Copy, word for word, the lines below from the one containing "F – Provides" up to and including the one containing "Love Fire Pewter", with pictures left out.

───── INFORMATION GIVEN

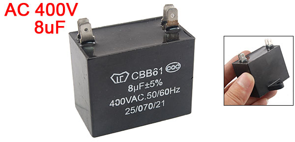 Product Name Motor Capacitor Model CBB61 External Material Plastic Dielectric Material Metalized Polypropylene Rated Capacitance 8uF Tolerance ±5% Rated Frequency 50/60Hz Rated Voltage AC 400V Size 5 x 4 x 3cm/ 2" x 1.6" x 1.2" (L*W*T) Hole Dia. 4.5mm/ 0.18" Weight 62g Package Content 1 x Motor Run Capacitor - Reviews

──────────
───── INFORMATION GIVEN

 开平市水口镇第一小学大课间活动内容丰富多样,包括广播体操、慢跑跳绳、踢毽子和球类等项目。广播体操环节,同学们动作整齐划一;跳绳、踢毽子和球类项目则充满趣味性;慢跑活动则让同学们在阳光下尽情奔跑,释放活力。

──────────
───── INFORMATION GIVEN

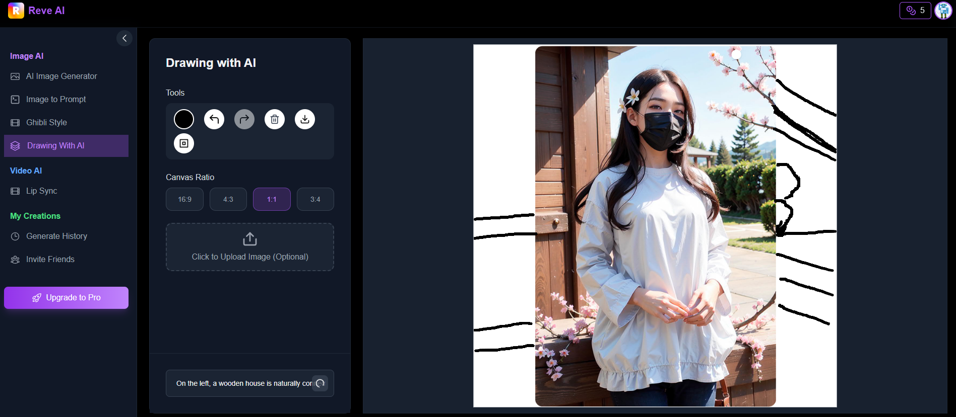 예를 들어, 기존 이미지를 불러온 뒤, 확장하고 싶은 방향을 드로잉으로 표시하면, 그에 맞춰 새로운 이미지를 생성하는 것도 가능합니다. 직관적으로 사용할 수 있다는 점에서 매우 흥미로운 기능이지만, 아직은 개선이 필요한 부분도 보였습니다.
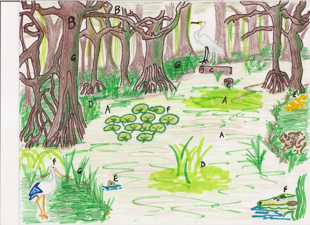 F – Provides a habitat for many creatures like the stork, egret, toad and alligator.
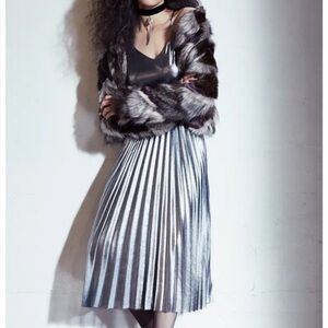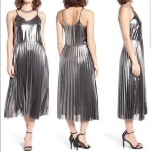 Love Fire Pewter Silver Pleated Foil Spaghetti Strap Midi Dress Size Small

──────────

#### [YOUR RESPONSE]
 F – Provides a habitat for many creatures like the stork, egret, toad and alligator.
 Love Fire Pewter Silver Pleated Foil Spaghetti Strap Midi Dress Size Small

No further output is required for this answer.